Billy Ard

No. 67
- Position: Guard

Personal information
- Born: March 12, 1959 (age 67) East Orange, New Jersey, U.S.
- Listed height: 6 ft 3 in (1.91 m)
- Listed weight: 265 lb (120 kg)

Career information
- High school: Watchung Hills Regional (Warren Township, New Jersey)
- College: Wake Forest
- NFL draft: 1981: 8th round, 221st overall pick

Career history
- New York Giants (1981–1988); Green Bay Packers (1989–1991);

Awards and highlights
- Super Bowl champion (XXI); PFWA All-Rookie Team (1981); First-team All-ACC (1980);

Career NFL statistics
- Games played: 148
- Games started: 123
- Fumble recoveries: 4
- Stats at Pro Football Reference

= Billy Ard =

American football player (born 1959)

William Donovan Ard (born March 12, 1959) is an American former professional football player who was a guard in the National Football League (NFL) for the New York Giants and Green Bay Packers.
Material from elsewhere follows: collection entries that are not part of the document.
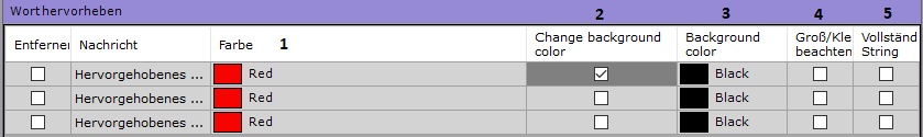 - Farbe, mit der das Wort hervorgehoben wird (1). Klicken Sie dazu in der entsprechenden Spalte auf die Schaltfläche , und wählen Sie eine Farbe aus einer von drei angebotenen Farbgruppen.
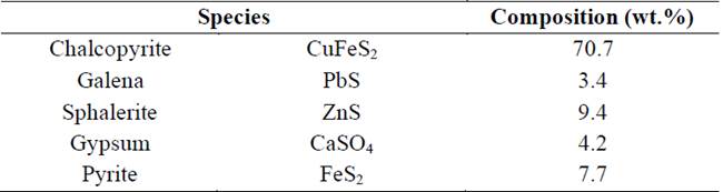 Table 1: Chemical analysis of the chalcopyrite concentrate (wt. %).
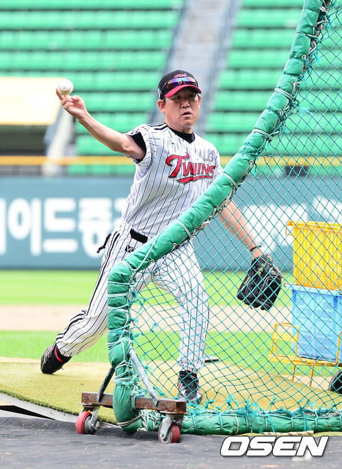 배팅볼을 던지고 있는 조계현 LG 트윈스 수석코치.
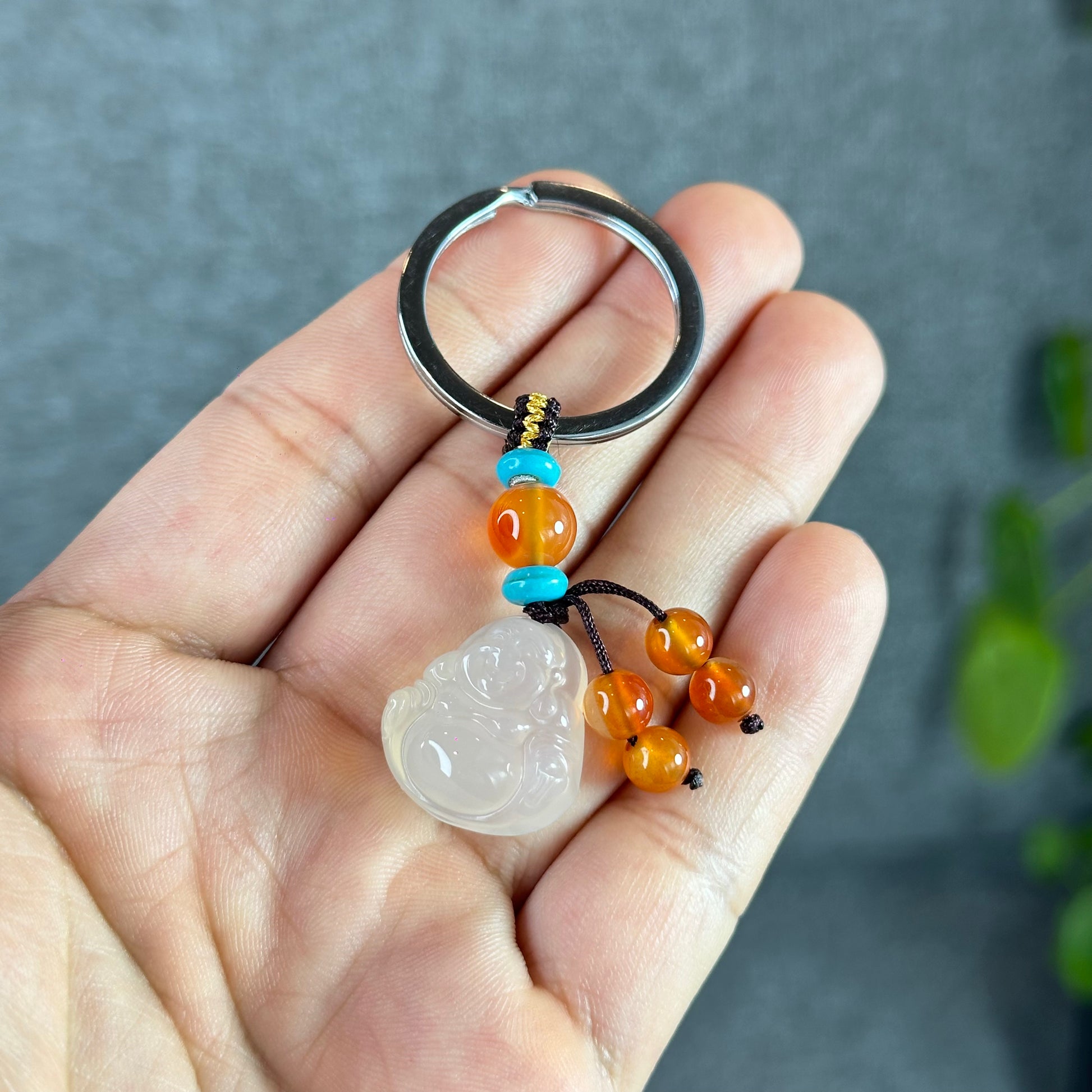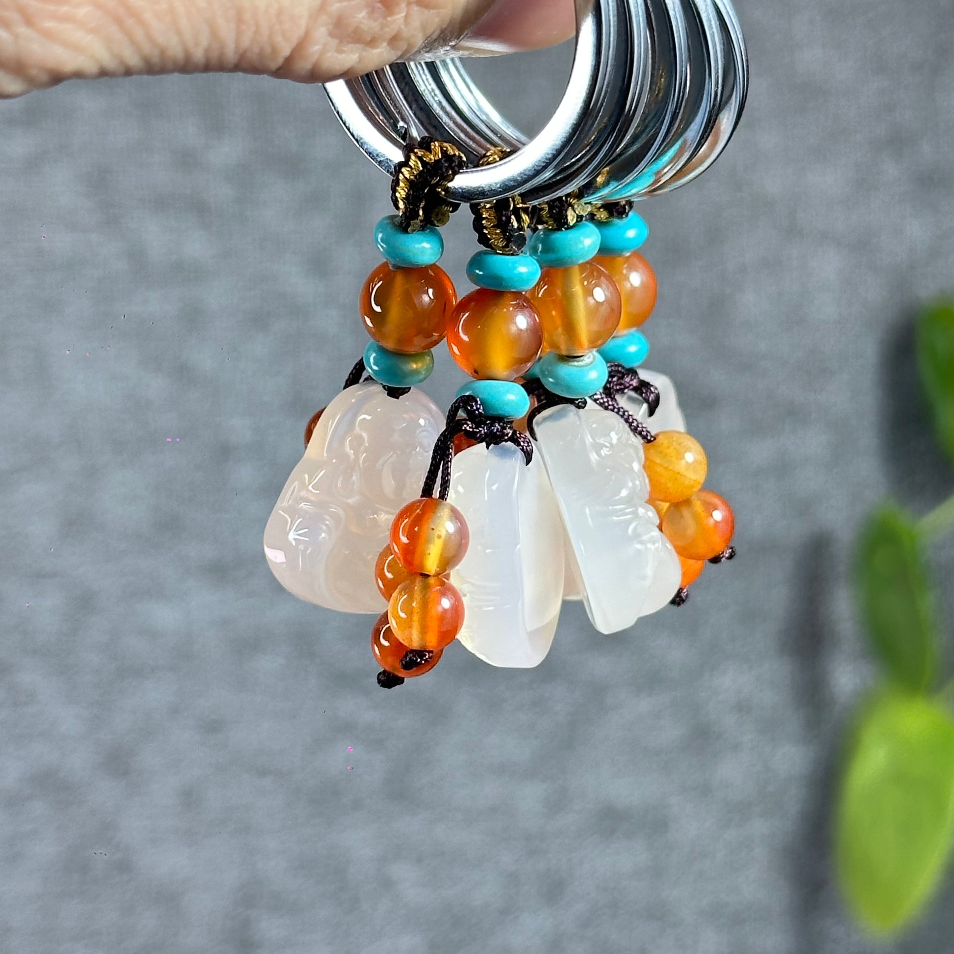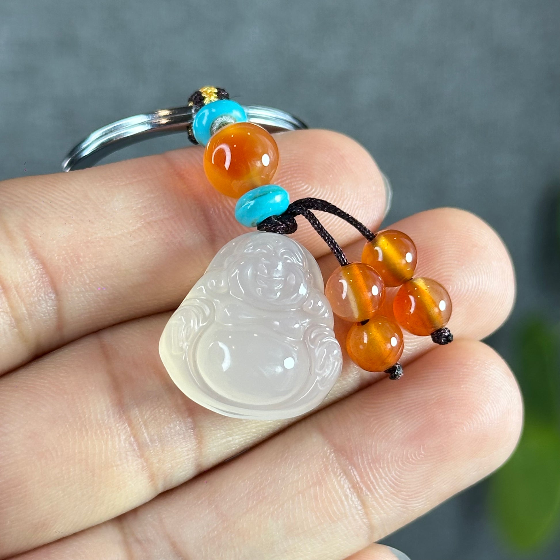 Mini Happy Buddha Natural White Agate Accessory with Metal Hoop
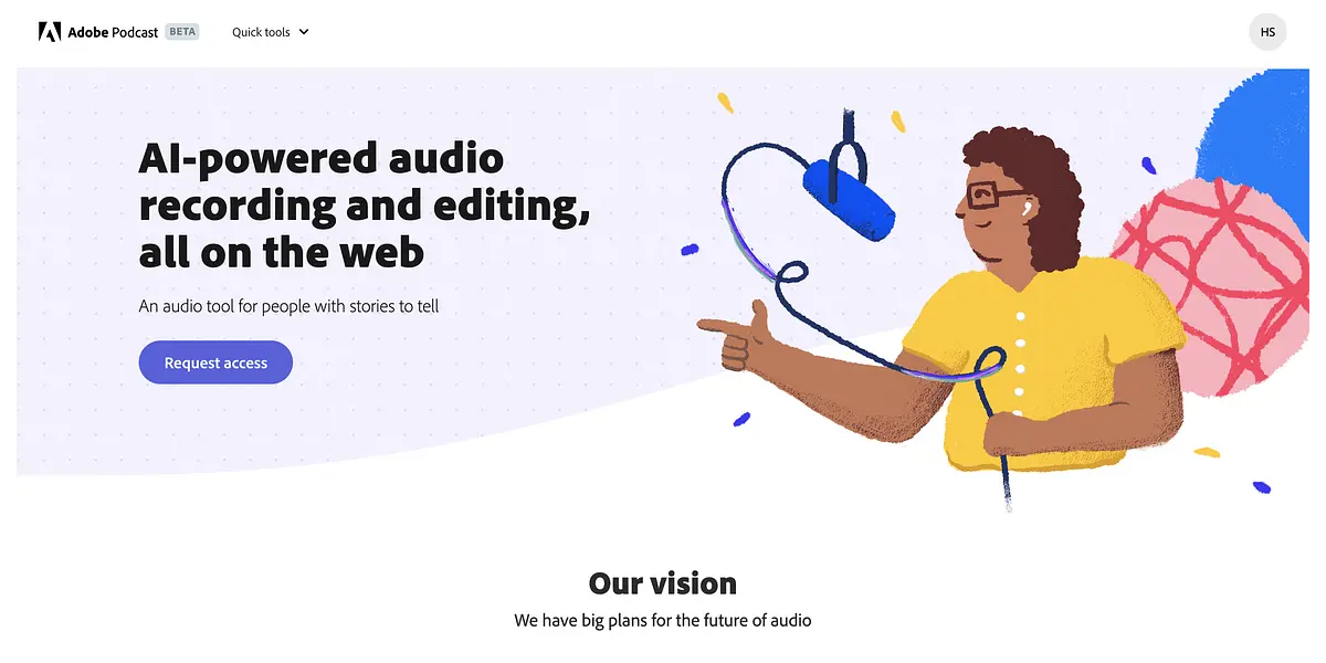 With Adobe Podcast, you can take your audio storytelling to the next level. It provides you with all the necessary tools, features, and creative freedom to make your audio content stand out. Say goodbye to hours of editing and sound engineering, and spend more time creating fantastic audio content. Request access today and see the future of audio in action.
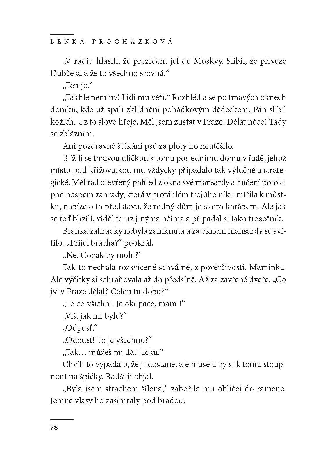 Lenka Procházková se pokouší ze skromných indicií vytvořit obraz charakteru a osobnosti člověka, pro něhož invaze a pozdější reakce veřejnosti i vlády na ruskou okupaci byly podnětem k promyšlenému burcujícímu činu, který otřásl celou společností pomalu upadající do normalizačních podmínek. vytvořila postavu citlivého, realisticky uvažujícího a politicky vyzrálého mladého muže, který věřil, že svým sebezničujícím činem dává společnosti poslední šanci na dosažení politické změny. Palachův příběh autorka beletristicky zpracovala na základě nedokončeného dokumentu Jana Lederera z roku 1988 vydaného v samizdatu, a s ohledem na generace, pro které znalost tehdejších okolnosti není samozřejmostí, obohatila příběh chronologií okupace a informacemi z odtajněných archivních dokumentů.
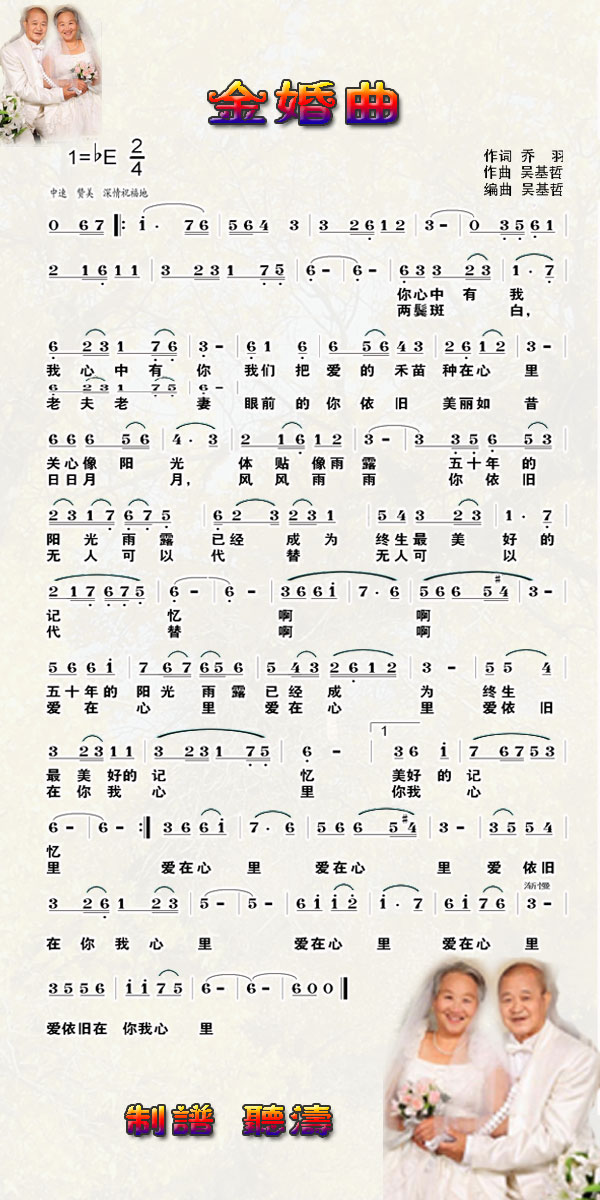 金婚曲简谱上传者为网友上传,原创作者为网络转载,歌曲原唱歌手为佚名,本简谱为图片格式,表现形式为,音乐性质为流行金曲。
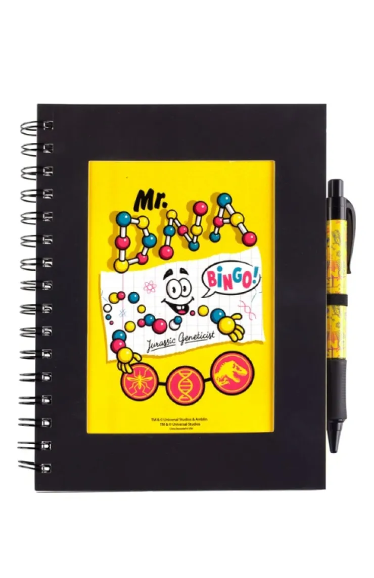 Record your research in this vibrant and fun Jurassic World spiral notebook featuring Mr. DNA. Design has 80 lined sheets and includes a matching ball point pen.
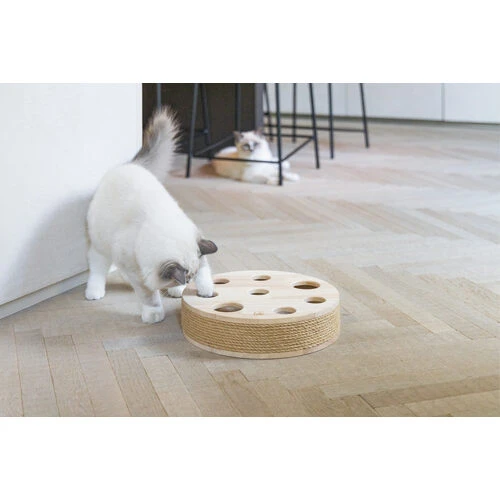 Das Designed by Lotte Raya Katzenspielzeug bietet Ihrer Katze endlosen Spaß. Dieses stilvolle und herausfordernde Katzenspielzeug ist aus strapazierfähigem Gummibaumholz gefertigt und verfügt über mehrere Löcher an der Oberseite, durch die sich Ihre Katze bewegen und versuchen kann, die 2 im Inneren versteckten Holzkugeln zu fangen. Dies stimuliert den Jagdinstinkt Ihrer Katze und hält sie aktiv. Außerdem ist das Spielzeug mit schützenden Füßen an der Unterseite ausgestattet, so dass der Fußboden beim Spielen gut geschützt ist.

He played college football at Wake Forest University and was selected 221st overall in the eighth round of the 1981 NFL draft. He won the Super Bowl with the Giants in 1987.

Ard grew up in Watchung, New Jersey, where he attended Watchung Hills Regional High School. He lives in Watchung, New Jersey and works as a financial advisor at Morgan Stanley. Bill's other son, Brendan, broke records at his sport of choice, wrestling.